Print the data that follows word for word, leaving out any picture.

Top of Recorded information

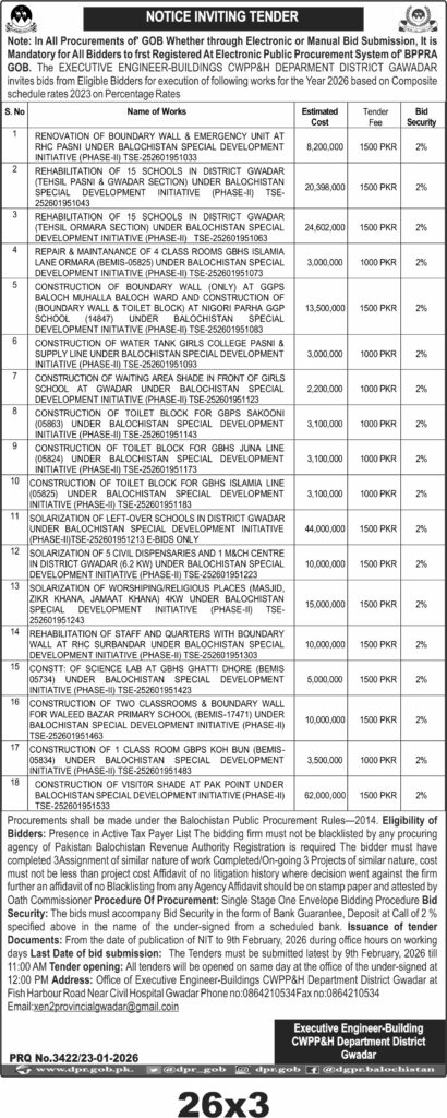 The submission deadline is set for 9th February 2026 by 11:00 AM, with technical bids opening the same day at 12:00 PM. Bids must be submitted in sealed envelopes to the office of the Executive Engineer-Buildings CWPP&H Department District Gwadar, located at Fish Harbour Road near Civil Hospital Gwadar. Interested parties should obtain tender documents during office hours from the date of publication until the closing date.
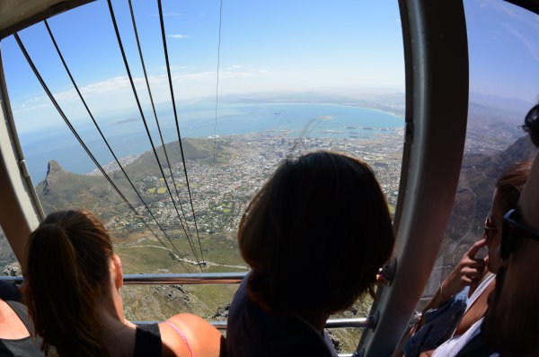 Wir haben 2 riesige Weisshalsraben und 2 Rockdassies gesichtet. Immerhin. Nach 2 Stunden gönnen wir uns einen Latte im Tablemountaincafe. Danach fahren wir wieder runter. Es wird langsam voll hier oben. Komischerweise gibt es keinerlei Schlange bei der Bergabfahrt.
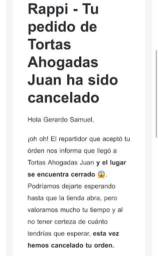 Pésimo servicio 👎👎👎😡 el día de hoy hice un pedido aproximadamente alas 2:20 y nunca llego estuve marcando y me dijeron k ta estaba en ruta marque como 3 veces y me dijeron k por ser fin de semana habían muchos pedidos,cosa k yo entiendo, pero ala hora de que uno hace el pedido deberían de mencionar eso k los pedidos tardarán aprox. cierto tiempo y ya es decisión de uno aceptar o ver otra opción. Pero en ningún momento me comentaron eso hasta que les estuve mark y mark y de todos modos de nada sirvió por k nunca...
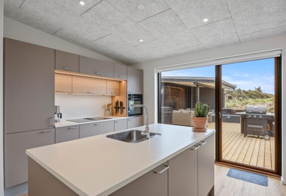 Für den alltäglichen Komfort ist im Ferienhaus in Nr. Lyngvig bestens gesorgt. Die moderne, voll ausgestattete Küche beinhaltet eine Spülmaschine und bietet dir die Möglichkeit, problemlos für alle Gäste zu kochen. Ein großer, separater 100-Liter-Gefrierschrank bietet viel Stauraum für Vorräte und Erfrischungen. Der gemütliche Wohnbereich ist einladend gestaltet und beherbergt einen Kaminofen, der an kühleren Abenden wohlige Wärme spendet. Eine Luft-Wasser-Wärmepumpe sorgt zudem für ein konstantes Wohlfühlklima in allen Räumen.

Bottom of Recorded information

Result for this task
 The submission deadline is set for 9th February 2026 by 11:00 AM, with technical bids opening the same day at 12:00 PM. Bids must be submitted in sealed envelopes to the office of the Executive Engineer-Buildings CWPP&H Department District Gwadar, located at Fish Harbour Road near Civil Hospital Gwadar. Interested parties should obtain tender documents during office hours from the date of publication until the closing date.
 Wir haben 2 riesige Weisshalsraben und 2 Rockdassies gesichtet. Immerhin. Nach 2 Stunden gönnen wir uns einen Latte im Tablemountaincafe. Danach fahren wir wieder runter. Es wird langsam voll hier oben. Komischerweise gibt es keinerlei Schlange bei der Bergabfahrt.
 Pésimo servicio 👎👎👎😡 el día de hoy hice un pedido aproximadamente alas 2:20 y nunca llego estuve marcando y me dijeron k ta estaba en ruta marque como 3 veces y me dijeron k por ser fin de semana habían muchos pedidos,cosa k yo entiendo, pero ala hora de que uno hace el pedido deberían de mencionar eso k los pedidos tardarán aprox. cierto tiempo y ya es decisión de uno aceptar o ver otra opción. Pero en ningún momento me comentaron eso hasta que les estuve mark y mark y de todos modos de nada sirvió por k nunca...
 Für den alltäglichen Komfort ist im Ferienhaus in Nr. Lyngvig bestens gesorgt. Die moderne, voll ausgestattete Küche beinhaltet eine Spülmaschine und bietet dir die Möglichkeit, problemlos für alle Gäste zu kochen. Ein großer, separater 100-Liter-Gefrierschrank bietet viel Stauraum für Vorräte und Erfrischungen. Der gemütliche Wohnbereich ist einladend gestaltet und beherbergt einen Kaminofen, der an kühleren Abenden wohlige Wärme spendet. Eine Luft-Wasser-Wärmepumpe sorgt zudem für ein konstantes Wohlfühlklima in allen Räumen.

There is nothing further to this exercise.